Games in their current format are zero-sum. Gamers have to focus on a single game at a time and within that, they are forced to optimise on limited parameters. Users constantly have to trade between building wealth (through ownership of assets) or having fun. The quadrant below somewhat explains it. Limitations in present day gaming architecture would mean the most graphically intense games cannot be optimised for users moving assets all the time. Think about hits like Just Cause or GTA 5 - they are optimised to be visually appealing and fun. Not for customisation or asset ownership. Axie on the other hand allows asset ownership but limited customisability. The outlier here is Minecraft, where individuals can set up their own servers with its own variables and choose how it is run. At the extreme end of low ownership and low fun - you have taxes and grunt work. Both of which belong to the default game we find ourselves in. Real life.
This is part of the reason why the trade-off matters so much.
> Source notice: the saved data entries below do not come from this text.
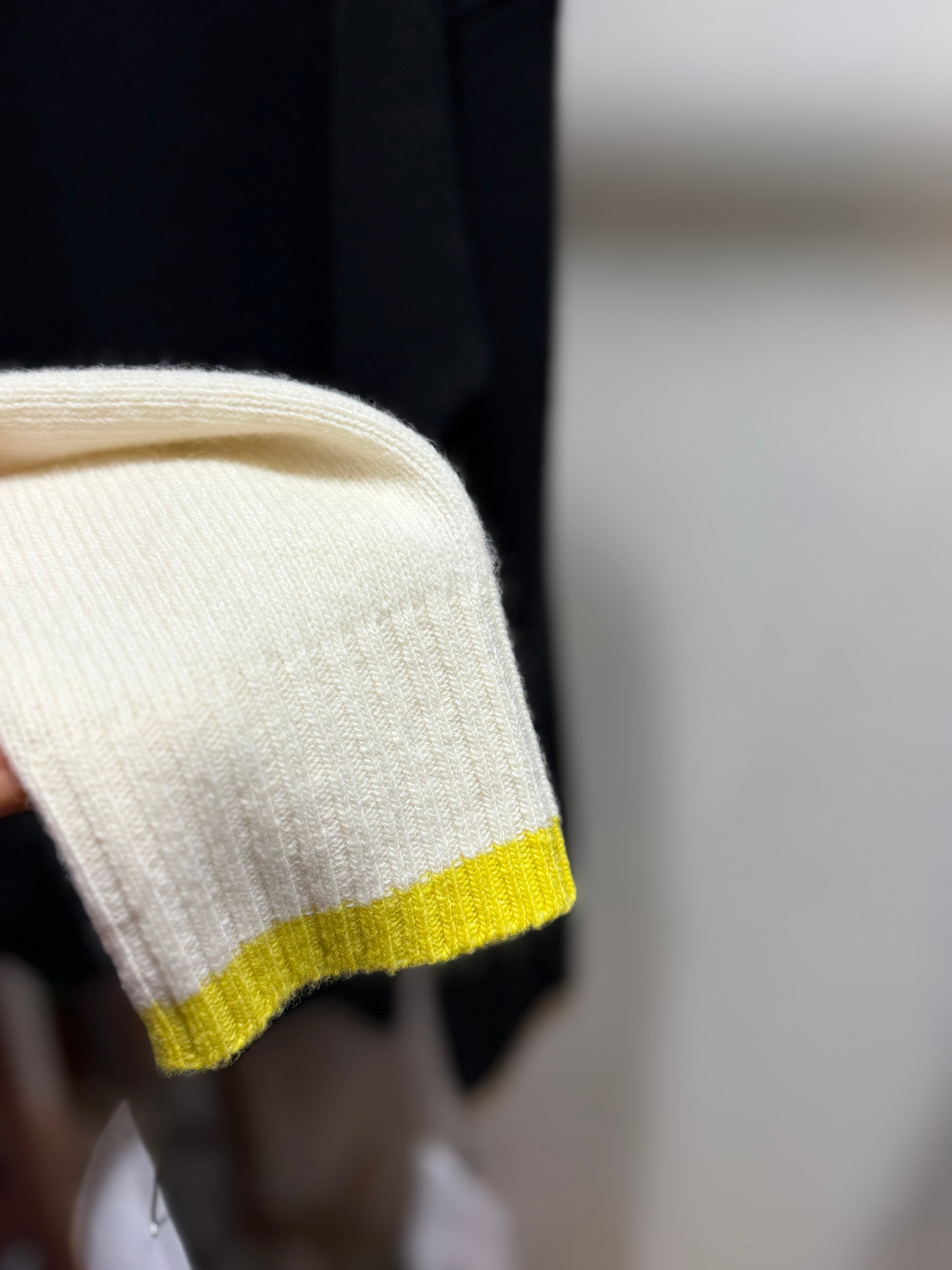 ウールとカシミヤの贅沢な混合素材を使用した「Vネック袖先カラーカシミヤ混セーター」は、肌触りの良さと抜群の暖かさを兼ね備えた一着です! ハイゲージで編まれた上品なVネックデザインは、シンプルながらも決して飽きることのないスタイルを提供します。袖先のカラー切替のワンポイントもステキです。カジュアルな日常使いから特別なお出かけまで、幅広くご利用いただけるアイテムです。
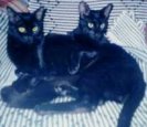 Os meu gatinhos s�o birmaneses tra�ados de Persa. Nasceram no dia 6 de abril de 1998 em minha casa. S�o pretos. A Simba tem o pelo comprido (saiu ao pai que � persa) e o Billy tem o pelo curto (saiu � m�e que � birmanesa). Ambos s�o muito bonitos. A Simba � muito independente e s� brinca quando tem vontade, mas o Billy � muito afectuoso e est� sempre pronto para brincar e receber carinhos. S�o os dois muito gulosos. Comem a comida deles mas gostam muito de 'petiscar' a minha comida e guloseimas. Gostam de iogurte, leite creme, gelado,arroz doce e at� de Korn Flakes!!! S�o demais !!! ------------------------------------------------ My little cats are birmanian mix with persian. They were born in April the 6th in my house.They are black. They were born in Abril the 6th | ||||||||||||||||
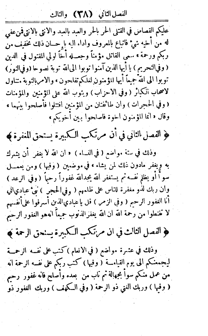 عَلَيْكُم الْقصاص فِي الْقَتْلَى الْحر بِالْحرِّ وَالْعَبْد بِالْعَبدِ وَالْأُنْثَى بِالْأُنْثَى فَمن عُفيَ لَهُ من أَخِيه شَيْء فاتباع بِالْمَعْرُوفِ وَأَدَاء إِلَيْهِ بِإِحْسَان ذَلِك تَخْفيف من ربكُم وَرَحْمَة سمى الْقَاتِل مُؤمنا وَجعله اخا لوَلِيّ الْمَقْتُول فِي الدّين وَفِي التَّحْرِيم (يَا أَيهَا الَّذين آمنُوا تُوبُوا إِلَى الله تَوْبَة نصُوحًا وَفِي النُّور (وتوبوا إِلَى الله جَمِيعًا أَيهَا الْمُؤْمِنُونَ لَعَلَّكُمْ تفلحون والامر بِالتَّوْبَةِ متناول لاصحاب الْكَبَائِر وَفِي الاحزاب (وَيَتُوب الله على الْمُؤمنِينَ وَالْمُؤْمِنَات وَفِي الحجرات (وَإِن طَائِفَتَانِ من الْمُؤمنِينَ اقْتَتَلُوا فأصلحوا بَينهمَا وَقَالَ (إِنَّمَا الْمُؤْمِنُونَ إخْوَة فأصلحوا بَين أخويكم)
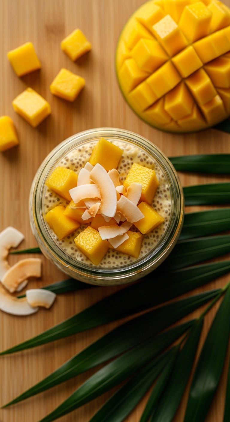 Serve chilled in glass jars for a pretty presentation. Garnish with extra mango cubes and mint. Pair with iced green tea or a citrus-infused water. Store in fridge 3–4 days. Make ahead by preparing 2–3 days in advance.
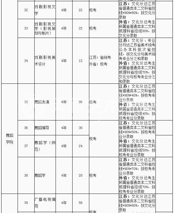 1、考生报考我校按专业分择优通过的专业,对于外省考试?或省U招?投的考生Q凡专业成W合格Q文化高考成l达所在省(自治区、直辖市)定的普通类前列Ҏ本科通过控制分数U,且前列志愿填报南京艺术学院的Q优先通过;考生报考我校按专业分择优通过的专业,对于江苏省考试院投的考生Q凡专业成W合格Q文化高考成l?卌文、数学、外语三门原始分(不含附加?与政{性奖励分、照ֈ之和)达江苏省普通类本一文科省控U?0%Q且前列志愿填报南京艺术学院的,优先通过?

An individual choosing to have fun (in say GTA 5) may miss out on potential earnings from a play to earn game (like Axie). This is applicable to game design, too. The moment when income potential from a game beats real life wages is when users see it as an avenue to work instead of using it for leisure. Now, let's think of web3 games in context of Maslow’s hierarchy. I had earlier mentioned how a game is typically able to address multiple aspects of Maslow’s hierarchy. Present day play to earn economies focus excessively on generating income. To a point where some critics have begun calling grinding in P2E (Play-to-Earn) economy a bullshit job . The term is used to refer to work that does not contribute positively to a person’s growth and exists solely because it is not cost effective to be replaced by a machine… yet. While there is some logic to it, it is worth mentioning that P2E economies allow participants a better alternative than what is often easily available to them. If it is more cost effective to take a conventional job, it would simply be logical to do that instead of playing P2E games. Secondly, working in environments like those of Axie Infinity’s allows participants to pick up on the kind of soft skills needed to collaborate and coordinate in a digital first, remote work environment. Something traditional academia fails to do today. Thirdly, most people playing these games don’t start and end it with a single game. P2E economies are crucial, incentivised on-ramps for individuals to upskill and learn about alternative opportunities in the market. This is where a crucial rebrand is in the works. From play to earn to play and earn. Most web3 native games will evolve from being a single source of income to one that supplements other sources of income. A crucial component enabling that transition will be what is referred to as guilds.
Guilds & GameFi
Guilds are platforms for coordinating resources within games. In the context of web3 native games, they are socioeconomic platforms built atop DAOs. Certain games like Axie Infinity require the gamer to own a certain number of NFTs before they can play. There could be requirements of owning tokens too in some of the newer games that come to market. Guilds reduce the barrier to entry for a large number of new entrants in to the web3 gaming ecosystem by making it possible to game without owning the NFTs or tokens. How? Well, you see, there’s an entire industry built around “leasing” NFTs to individuals who then grind in terms of gaming in play to earn economies. The guild functions as a DAO that owns the NFTs, and tokens required to play. Individuals that find skilled gamers are referred to as managers. They are similar to scouts in the sporting world and receive a cut from revenue generated by gamers. The gamers in turn receive a portion of the token rewards that come from playing. This is a very rudimentary model used to accelerate adoption of P2E ecosystems.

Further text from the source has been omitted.